** Opening Supplied entries block **

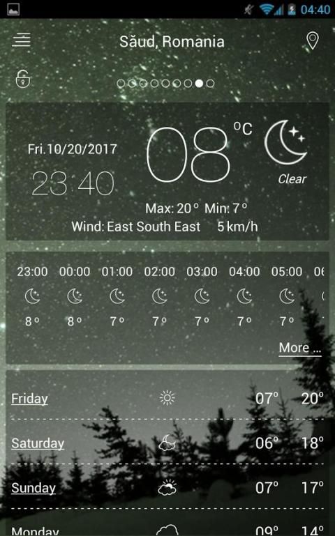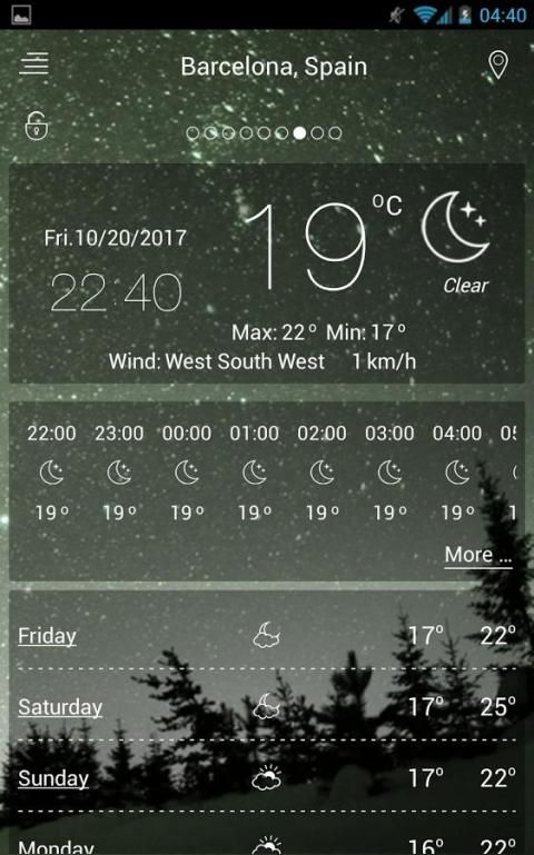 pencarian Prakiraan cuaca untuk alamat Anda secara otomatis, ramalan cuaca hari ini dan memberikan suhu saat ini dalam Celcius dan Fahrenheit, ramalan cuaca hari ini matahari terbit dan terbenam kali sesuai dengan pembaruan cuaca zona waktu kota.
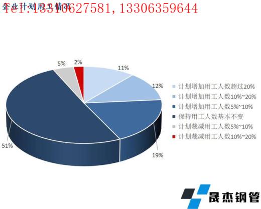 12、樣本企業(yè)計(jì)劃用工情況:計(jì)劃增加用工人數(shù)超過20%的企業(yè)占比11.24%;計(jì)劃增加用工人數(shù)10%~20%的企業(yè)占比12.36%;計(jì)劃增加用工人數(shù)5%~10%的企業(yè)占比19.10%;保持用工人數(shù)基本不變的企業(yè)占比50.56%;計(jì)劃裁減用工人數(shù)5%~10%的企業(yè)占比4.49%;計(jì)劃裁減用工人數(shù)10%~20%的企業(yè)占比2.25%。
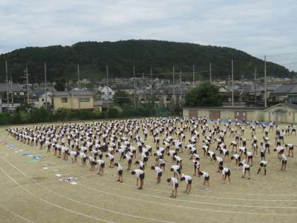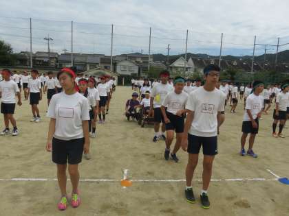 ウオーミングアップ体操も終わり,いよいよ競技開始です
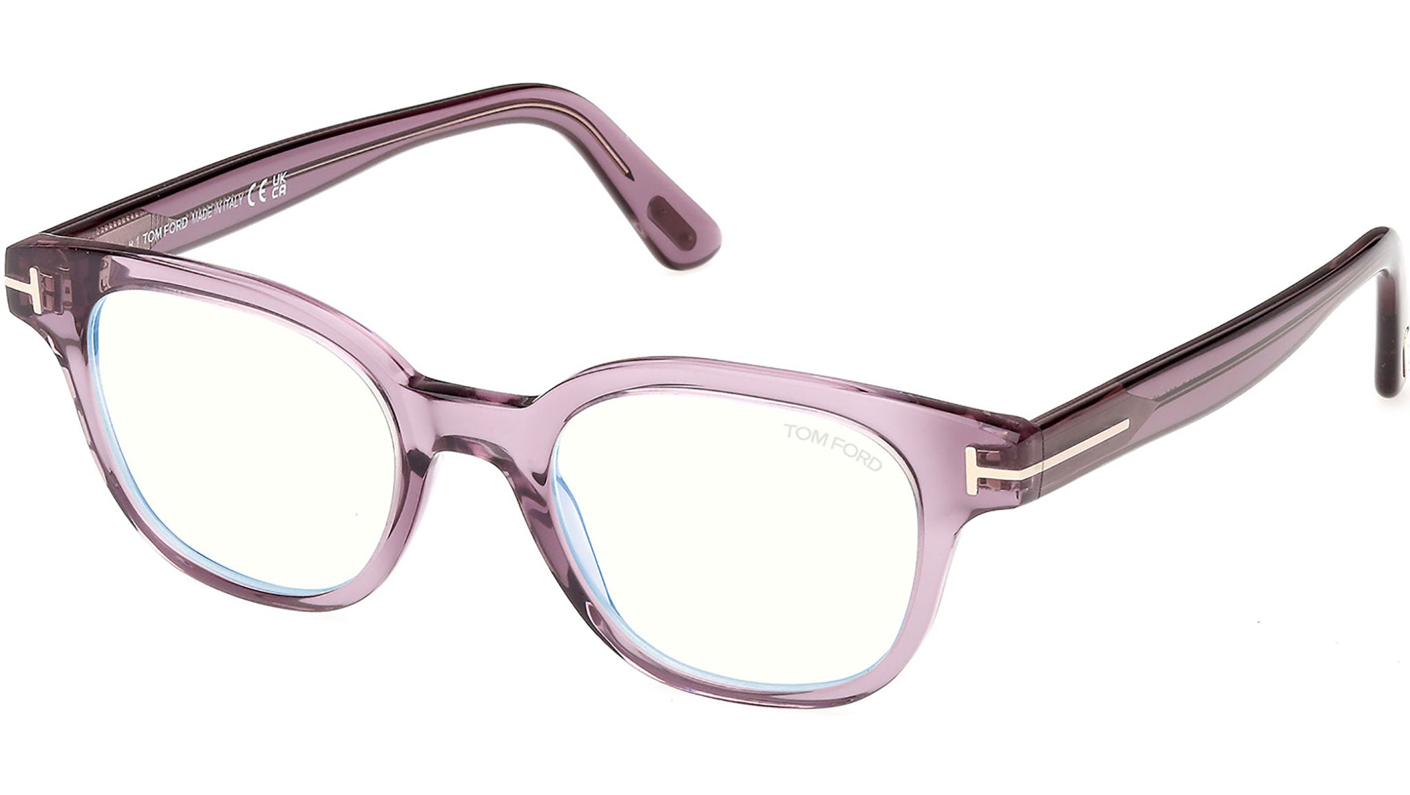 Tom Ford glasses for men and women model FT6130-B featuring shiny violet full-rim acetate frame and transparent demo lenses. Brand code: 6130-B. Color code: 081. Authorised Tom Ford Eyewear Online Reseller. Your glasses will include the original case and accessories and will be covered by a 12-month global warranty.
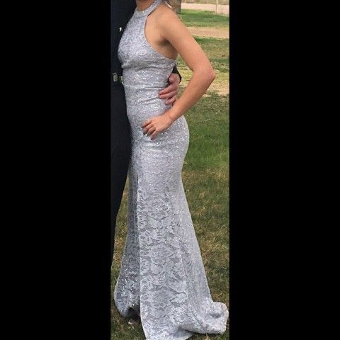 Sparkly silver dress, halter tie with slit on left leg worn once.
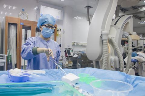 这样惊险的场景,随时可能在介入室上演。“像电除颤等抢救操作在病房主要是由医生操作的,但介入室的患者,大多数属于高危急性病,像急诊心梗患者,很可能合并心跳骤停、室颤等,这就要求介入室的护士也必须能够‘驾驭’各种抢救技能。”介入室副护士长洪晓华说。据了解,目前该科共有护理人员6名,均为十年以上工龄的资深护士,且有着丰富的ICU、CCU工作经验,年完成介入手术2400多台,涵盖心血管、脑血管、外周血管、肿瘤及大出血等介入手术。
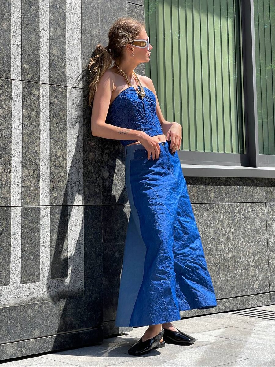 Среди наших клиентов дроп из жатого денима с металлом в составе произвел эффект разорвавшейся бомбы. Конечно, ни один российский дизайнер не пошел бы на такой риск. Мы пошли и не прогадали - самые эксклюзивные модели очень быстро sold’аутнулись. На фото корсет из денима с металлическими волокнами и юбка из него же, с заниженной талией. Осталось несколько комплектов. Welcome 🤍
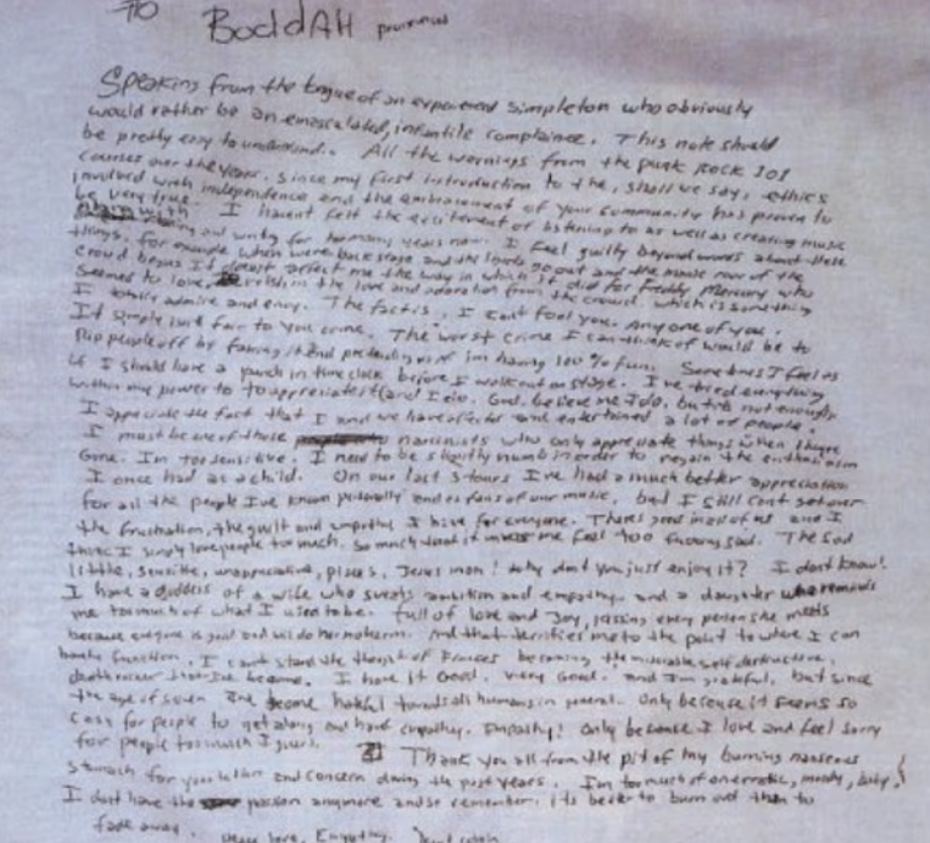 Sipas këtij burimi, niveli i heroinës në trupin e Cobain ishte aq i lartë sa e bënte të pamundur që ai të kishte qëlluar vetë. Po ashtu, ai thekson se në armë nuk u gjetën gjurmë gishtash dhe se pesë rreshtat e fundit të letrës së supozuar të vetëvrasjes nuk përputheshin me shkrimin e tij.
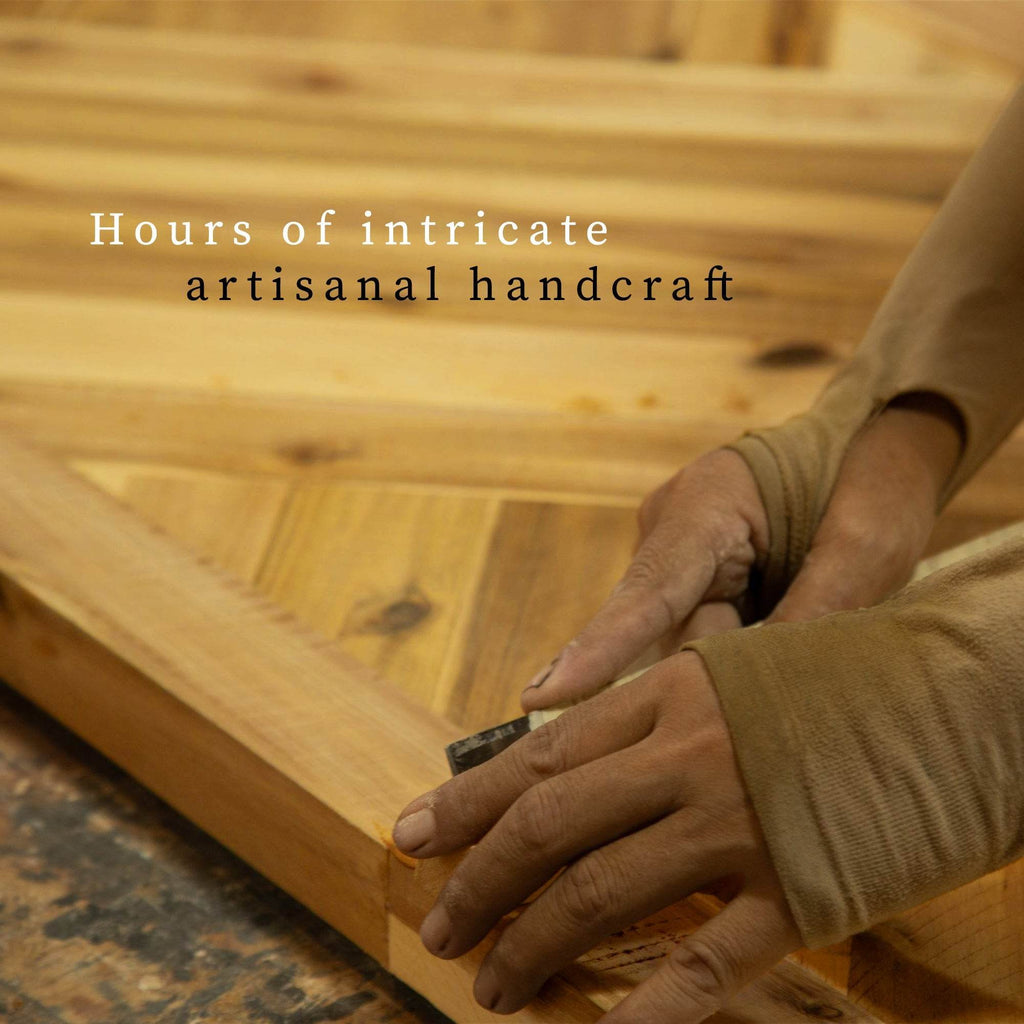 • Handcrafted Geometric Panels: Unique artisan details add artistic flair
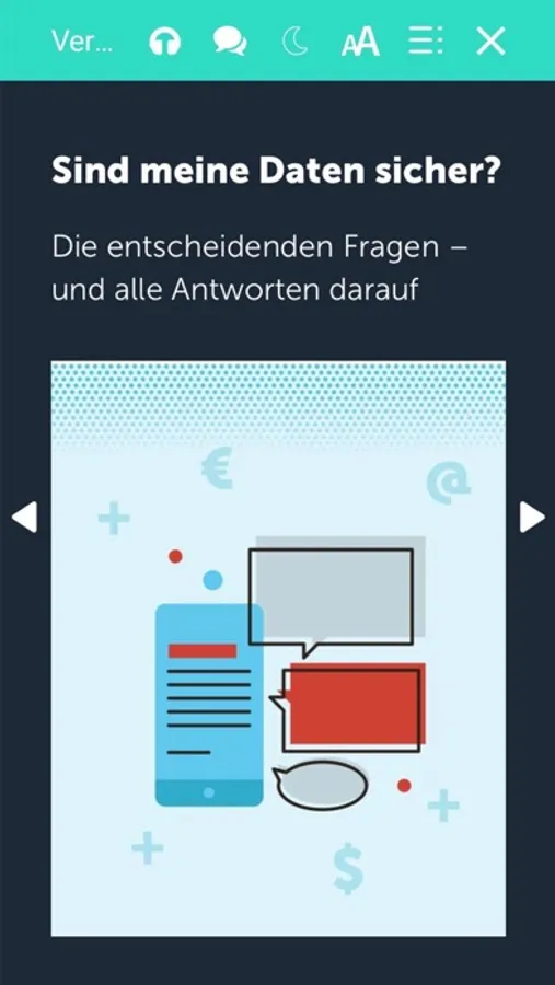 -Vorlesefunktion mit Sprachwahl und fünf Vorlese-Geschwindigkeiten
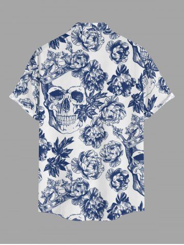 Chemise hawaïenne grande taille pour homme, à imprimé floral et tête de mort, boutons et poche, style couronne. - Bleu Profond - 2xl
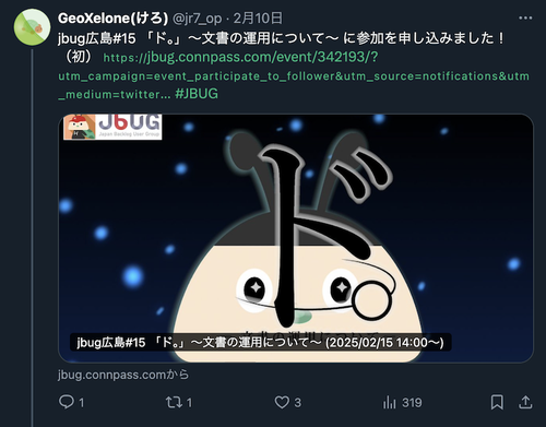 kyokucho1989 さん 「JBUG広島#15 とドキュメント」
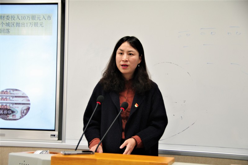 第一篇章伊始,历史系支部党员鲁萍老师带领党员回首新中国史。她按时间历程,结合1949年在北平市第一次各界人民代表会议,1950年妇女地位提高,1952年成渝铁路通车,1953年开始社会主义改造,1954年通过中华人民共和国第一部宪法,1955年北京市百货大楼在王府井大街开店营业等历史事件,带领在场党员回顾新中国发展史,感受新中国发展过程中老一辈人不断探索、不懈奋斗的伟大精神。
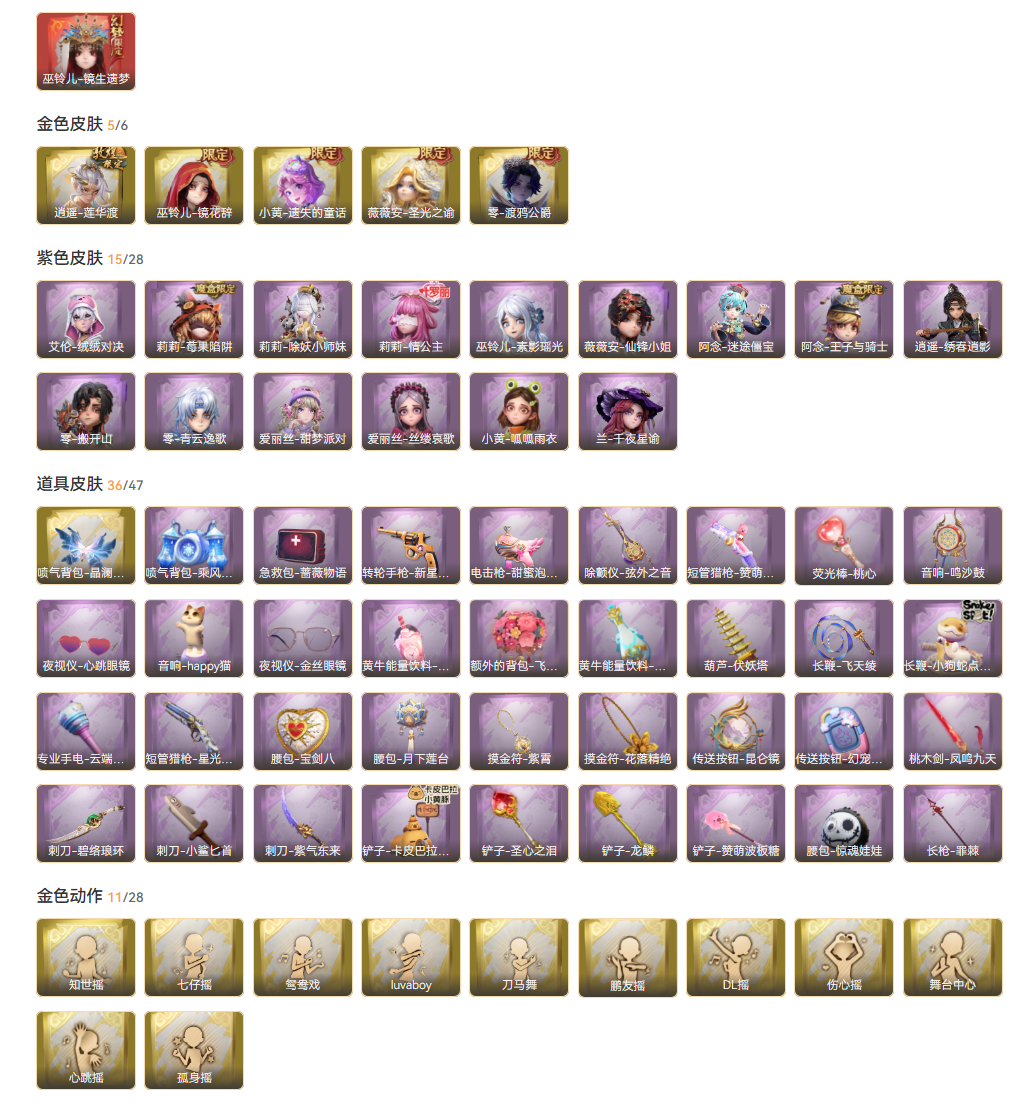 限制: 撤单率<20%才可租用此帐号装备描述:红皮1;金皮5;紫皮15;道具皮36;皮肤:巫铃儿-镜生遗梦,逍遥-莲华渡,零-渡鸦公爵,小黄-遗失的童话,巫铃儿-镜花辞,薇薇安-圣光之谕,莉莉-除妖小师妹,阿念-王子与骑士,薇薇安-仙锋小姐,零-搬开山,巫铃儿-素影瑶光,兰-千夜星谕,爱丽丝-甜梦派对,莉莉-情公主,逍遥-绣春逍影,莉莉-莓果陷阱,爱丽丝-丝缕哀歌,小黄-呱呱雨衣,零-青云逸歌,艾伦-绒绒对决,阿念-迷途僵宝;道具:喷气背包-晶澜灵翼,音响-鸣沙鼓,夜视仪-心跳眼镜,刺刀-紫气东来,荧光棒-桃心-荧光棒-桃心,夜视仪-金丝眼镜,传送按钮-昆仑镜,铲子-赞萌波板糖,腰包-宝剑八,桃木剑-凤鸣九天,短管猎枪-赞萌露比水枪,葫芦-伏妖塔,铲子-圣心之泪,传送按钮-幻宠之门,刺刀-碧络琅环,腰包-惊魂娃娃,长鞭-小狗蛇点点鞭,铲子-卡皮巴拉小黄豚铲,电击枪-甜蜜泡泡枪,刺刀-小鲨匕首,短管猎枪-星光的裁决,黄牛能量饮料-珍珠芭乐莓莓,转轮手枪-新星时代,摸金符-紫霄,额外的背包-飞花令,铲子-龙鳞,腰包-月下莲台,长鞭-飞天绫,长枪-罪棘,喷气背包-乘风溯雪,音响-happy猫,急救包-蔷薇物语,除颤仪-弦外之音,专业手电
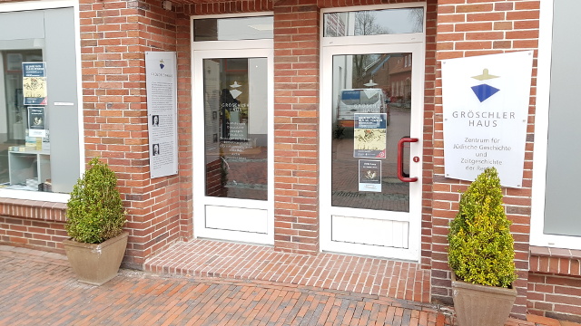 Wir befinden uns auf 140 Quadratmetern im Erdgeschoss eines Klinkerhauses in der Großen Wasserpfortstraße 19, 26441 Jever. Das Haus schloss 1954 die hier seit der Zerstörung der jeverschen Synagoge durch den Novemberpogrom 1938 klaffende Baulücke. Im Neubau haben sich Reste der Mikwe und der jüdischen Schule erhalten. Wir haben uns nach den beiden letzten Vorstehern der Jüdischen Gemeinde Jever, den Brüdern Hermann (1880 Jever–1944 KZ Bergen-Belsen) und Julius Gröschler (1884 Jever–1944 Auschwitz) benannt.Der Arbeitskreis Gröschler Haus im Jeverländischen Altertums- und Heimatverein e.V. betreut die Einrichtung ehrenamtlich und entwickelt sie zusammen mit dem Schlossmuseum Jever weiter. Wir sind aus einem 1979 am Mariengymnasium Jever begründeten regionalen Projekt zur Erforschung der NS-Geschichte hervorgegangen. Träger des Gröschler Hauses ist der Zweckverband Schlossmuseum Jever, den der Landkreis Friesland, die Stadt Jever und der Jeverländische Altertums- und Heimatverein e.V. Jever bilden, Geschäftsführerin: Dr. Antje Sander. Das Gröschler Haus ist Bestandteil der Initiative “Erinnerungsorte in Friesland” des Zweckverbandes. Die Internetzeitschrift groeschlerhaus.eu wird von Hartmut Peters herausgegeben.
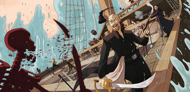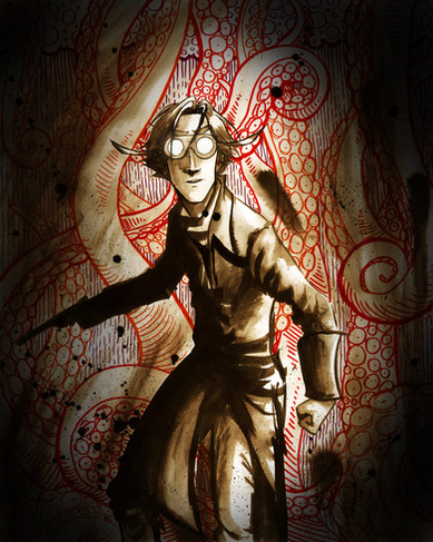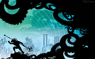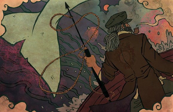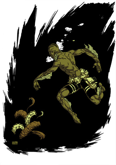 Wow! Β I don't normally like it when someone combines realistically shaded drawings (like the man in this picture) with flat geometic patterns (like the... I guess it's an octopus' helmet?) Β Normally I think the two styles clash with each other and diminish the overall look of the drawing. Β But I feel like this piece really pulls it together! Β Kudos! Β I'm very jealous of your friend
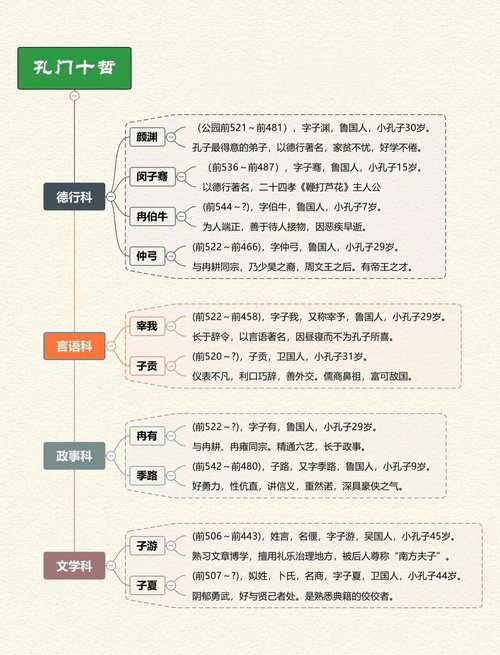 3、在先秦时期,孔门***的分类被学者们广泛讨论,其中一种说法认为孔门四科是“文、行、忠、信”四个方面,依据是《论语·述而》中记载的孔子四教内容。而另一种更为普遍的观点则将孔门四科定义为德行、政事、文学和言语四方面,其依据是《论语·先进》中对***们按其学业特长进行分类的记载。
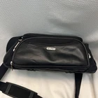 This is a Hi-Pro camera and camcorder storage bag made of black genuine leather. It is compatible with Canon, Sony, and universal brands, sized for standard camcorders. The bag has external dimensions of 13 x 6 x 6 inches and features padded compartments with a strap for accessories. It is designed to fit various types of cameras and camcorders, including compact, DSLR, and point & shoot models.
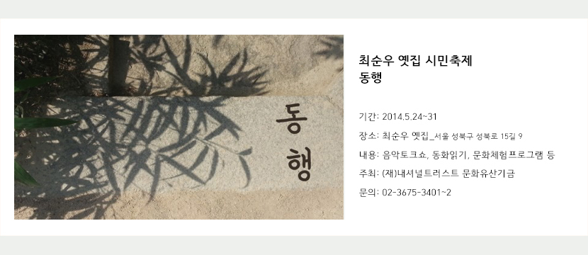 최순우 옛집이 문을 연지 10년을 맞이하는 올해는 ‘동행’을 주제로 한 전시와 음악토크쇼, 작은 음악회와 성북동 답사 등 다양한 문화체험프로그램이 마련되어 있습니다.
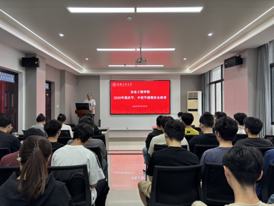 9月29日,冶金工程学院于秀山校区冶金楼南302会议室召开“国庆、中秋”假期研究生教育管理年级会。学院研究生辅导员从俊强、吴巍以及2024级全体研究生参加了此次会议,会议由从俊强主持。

** Closing Supplied entries block **

## Exercise description
Retype only the lines above from the one with "Sipas këtij burimi, niveli" through the one with "kyokucho1989 さん 「JBUG広島#15 とドキュメント」", exactly and with both ends. Images stay out.

## Your solution
 Sipas këtij burimi, niveli i heroinës në trupin e Cobain ishte aq i lartë sa e bënte të pamundur që ai të kishte qëlluar vetë. Po ashtu, ai thekson se në armë nuk u gjetën gjurmë gishtash dhe se pesë rreshtat e fundit të letrës së supozuar të vetëvrasjes nuk përputheshin me shkrimin e tij.
 • Handcrafted Geometric Panels: Unique artisan details add artistic flair
 -Vorlesefunktion mit Sprachwahl und fünf Vorlese-Geschwindigkeiten
 Chemise hawaïenne grande taille pour homme, à imprimé floral et tête de mort, boutons et poche, style couronne. - Bleu Profond - 2xl
 kyokucho1989 さん 「JBUG広島#15 とドキュメント」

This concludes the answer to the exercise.